Well...only if I had the powers.

BTW, you are correct that there is no point in arguing with me. Its up for the whole forum to see what has been going here for sometime now...so arguing with me is not going to do any good to you.


----------



## kalpik (Feb 23, 2009)

So.. Its all about powers aint it? Common.. There are better ways to ask (read beg) for moderator ship than opening threads like this


----------



## victor_rambo (Feb 23, 2009)

kalpik said:


> So.. Its all about powers aint it? Common.. There are better ways to ask (read beg) for moderator ship than opening threads like this


Well...no one is begging for "moderator ship". You may equate "powers" with "moderator ship"...but in that case....we all have seen how "powerful" you 18 guyz' moderator ship has been.

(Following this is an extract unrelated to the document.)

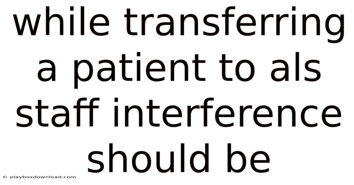 Minimizing Interference During Patient Transfers to ALS Staff: A Critical Guide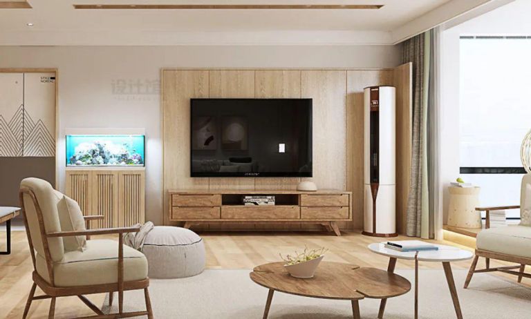 木飾面與護墻板的材質類似,不過木飾面一般都是以木色為主,視覺效果相對比較簡約自然;一般用木飾面做電視墻的話,建議選用橡木色的,這種木色比較淺、紋理也自然,整體效果會更加簡約大方。

As for me, I don't need moderator ship to make the change happen. Ofcourse, mod powers would have made things easier, but change will happen without that too.

If majority of the 18 guys can have powers and still not do it, then I am justified in begging for moderator ship because I want to make the change happen rather than taking sitting idle and use such threads for telling the people that being mod is such a tough job.


----------



## Anorion (Feb 23, 2009)

err...
Ok, I've seen mods being partial, and I've seen abuse of power too. But these things do not come in the way of good posts. There are people here who are admins/mods on other forums, and this whole "power" thing is an illusion. 
The feedback is really appreciated, and keep at it, but don't be more aggressive than you need to be. 
Spammers will be a step ahead of both mods and bots always, and are a pain. They usually get handled. Encourage the noobs too, everyone makes mistakes in the first few days or so.


----------



## Liverpool_fan (Feb 23, 2009)

^^^
Well said...

And I don't have much problem in the forum anyways except that it goes down sometimes....and that has nothing to do with modship...

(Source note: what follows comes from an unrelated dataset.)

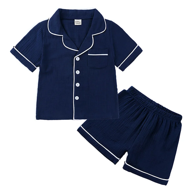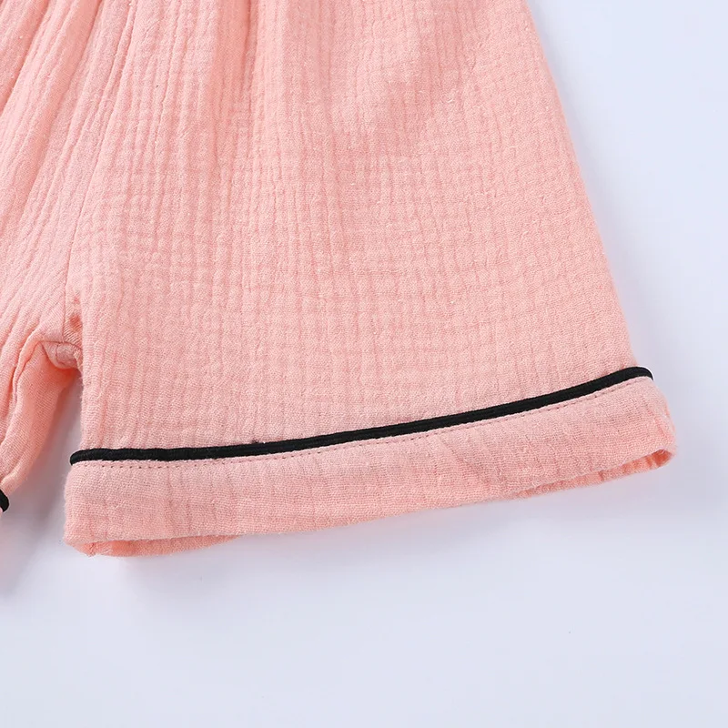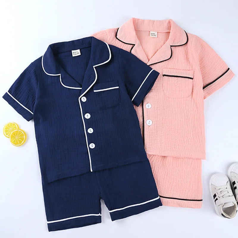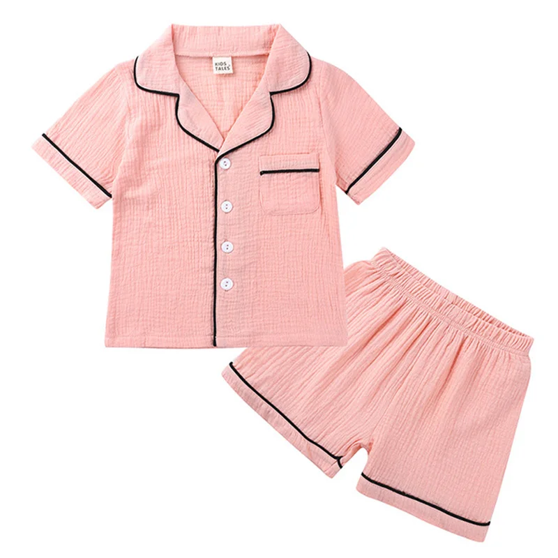 Summer Kids Cotton Linen Short Sleeve Pajama Set

Could you guys (admins) please post when and Why the forum goes down sometimes?


----------



## The_Devil_Himself (Feb 23, 2009)

victor_rambo for prez.


----------



## rhitwick (Feb 23, 2009)

*@Anorion*, as an Admin is visiting this thread (and reading it too!!!), I'm being too optimistic and posting some points which people here is asking/suggesting to improve the forum.
I've consolidated from "Measuring a thread..." and "Complaints/Whinning...." thread. Was too lazy to visit suggestions thread. (Sorry)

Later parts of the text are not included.